Look below for the line containing "No 2 Bahir Jonai" and the line containing "A super cute", then set down both and every line between them exactly, without pictures.

#### Data provided:
Segment Open

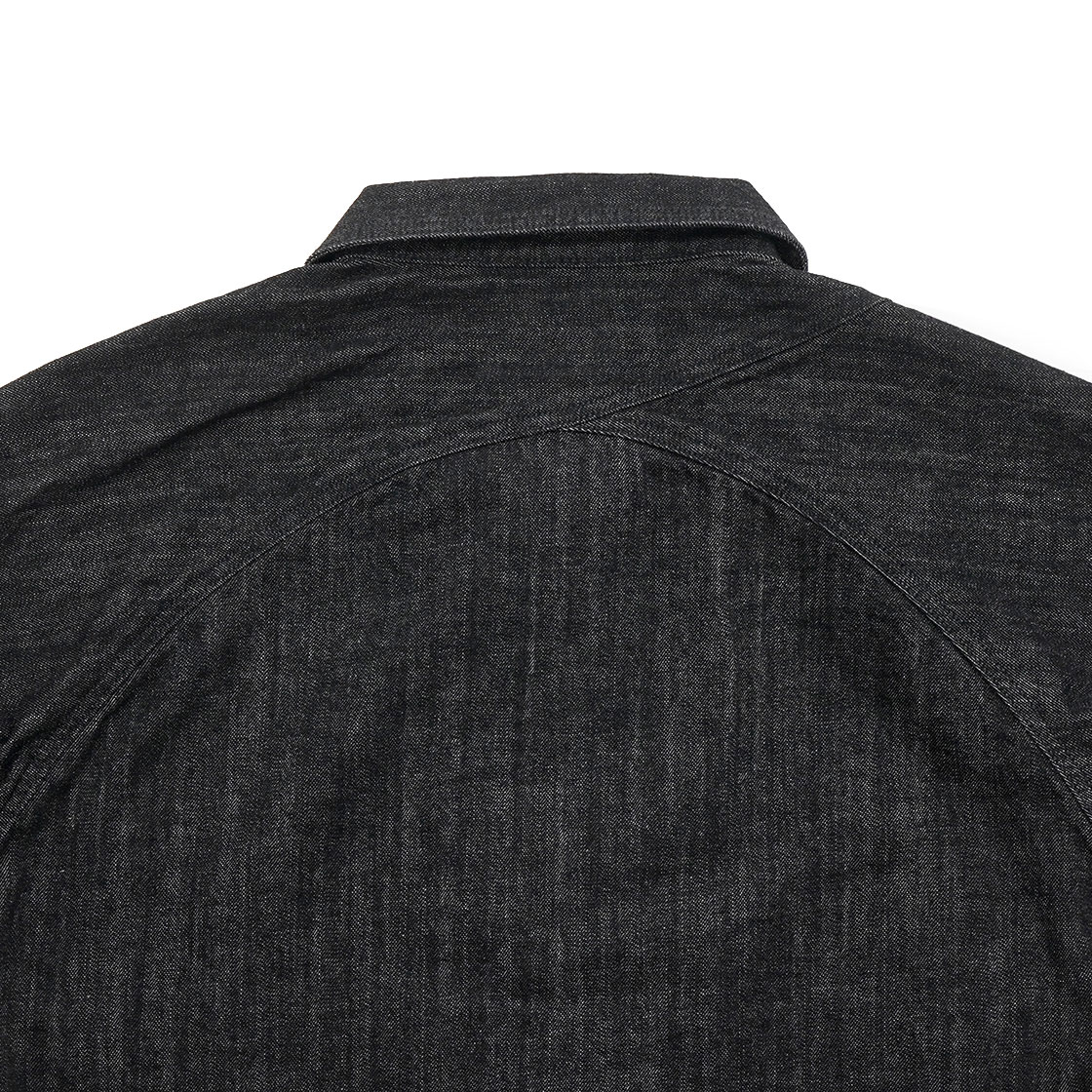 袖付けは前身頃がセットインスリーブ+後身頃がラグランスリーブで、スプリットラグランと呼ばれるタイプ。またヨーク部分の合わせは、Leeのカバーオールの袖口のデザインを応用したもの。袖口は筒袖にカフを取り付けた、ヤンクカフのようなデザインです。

Segment Closed
Segment Open

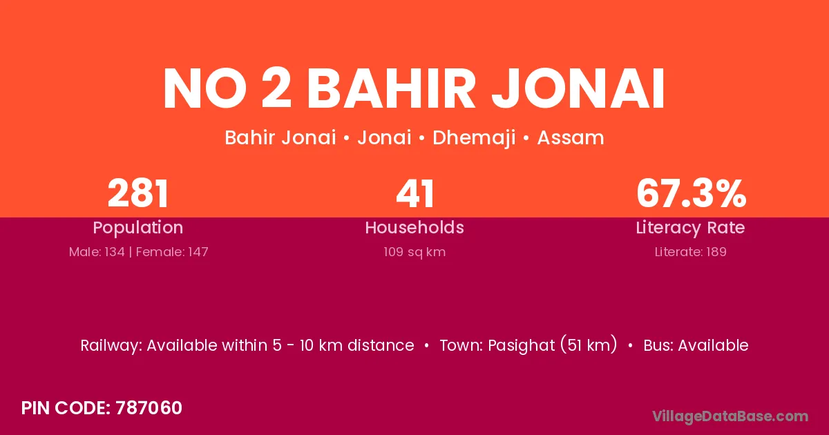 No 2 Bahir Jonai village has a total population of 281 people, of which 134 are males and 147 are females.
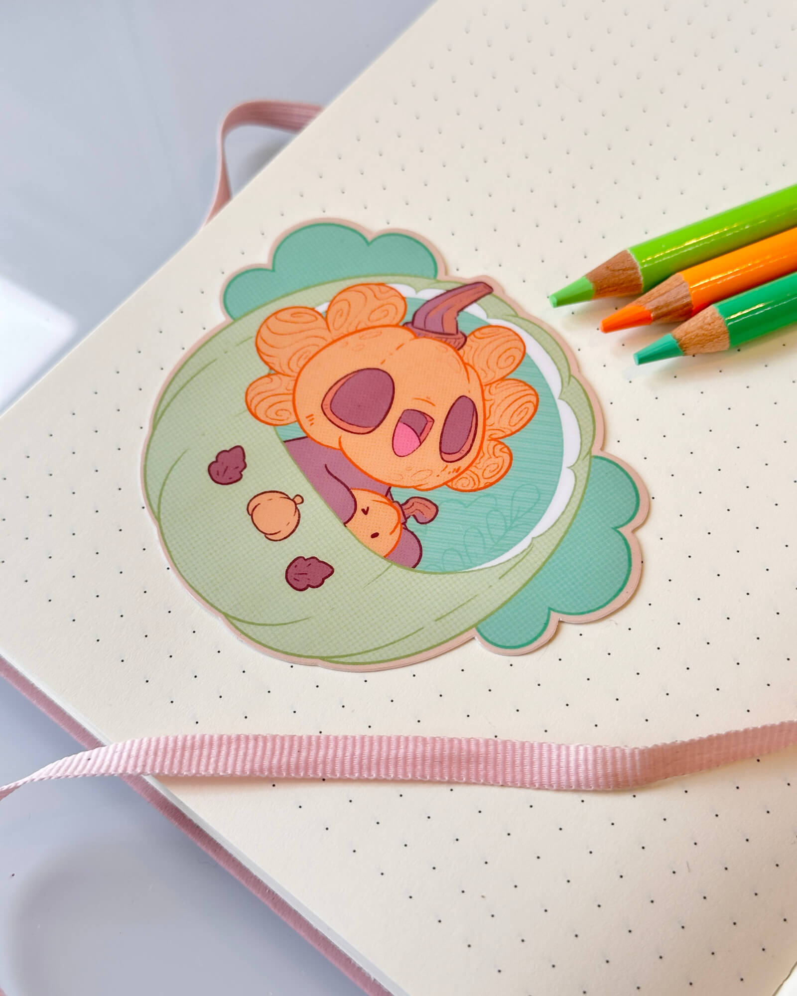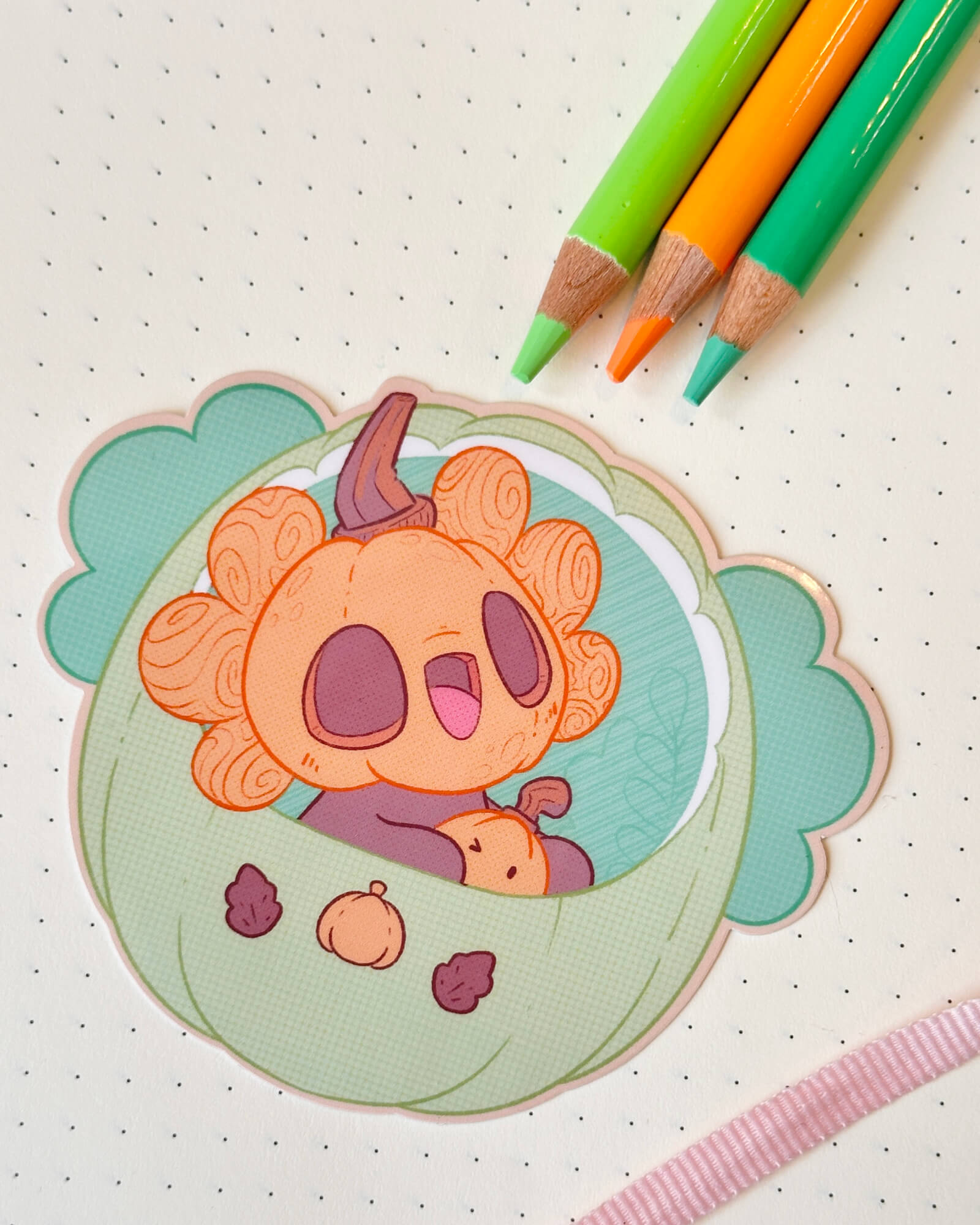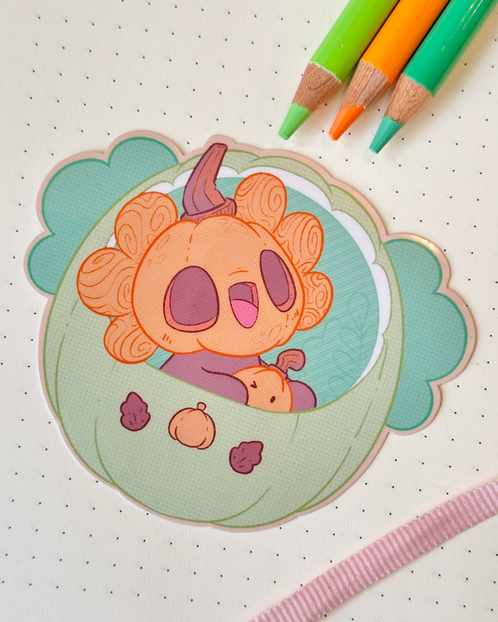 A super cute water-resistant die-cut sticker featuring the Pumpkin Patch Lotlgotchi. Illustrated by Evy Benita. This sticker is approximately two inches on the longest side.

Segment Closed
Segment Open

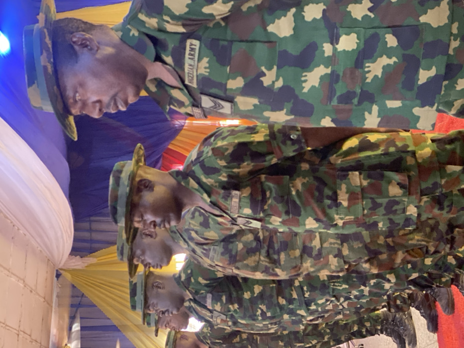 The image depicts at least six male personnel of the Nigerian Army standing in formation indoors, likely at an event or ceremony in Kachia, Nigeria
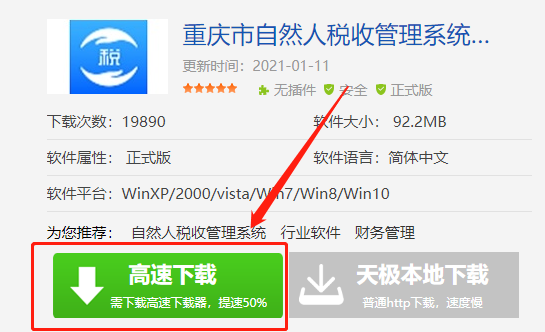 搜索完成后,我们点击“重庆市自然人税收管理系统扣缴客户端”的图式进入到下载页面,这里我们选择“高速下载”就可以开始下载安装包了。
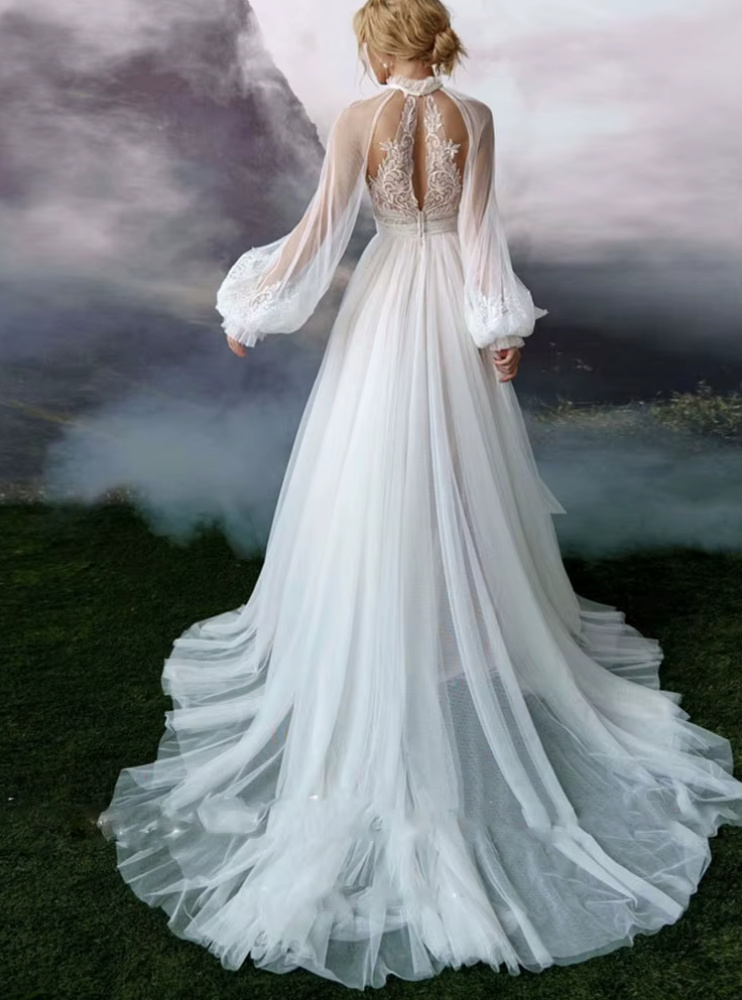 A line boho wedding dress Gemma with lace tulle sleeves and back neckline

Segment Closed

#### Worked solution:
 No 2 Bahir Jonai village has a total population of 281 people, of which 134 are males and 147 are females.
 A super cute water-resistant die-cut sticker featuring the Pumpkin Patch Lotlgotchi. Illustrated by Evy Benita. This sticker is approximately two inches on the longest side.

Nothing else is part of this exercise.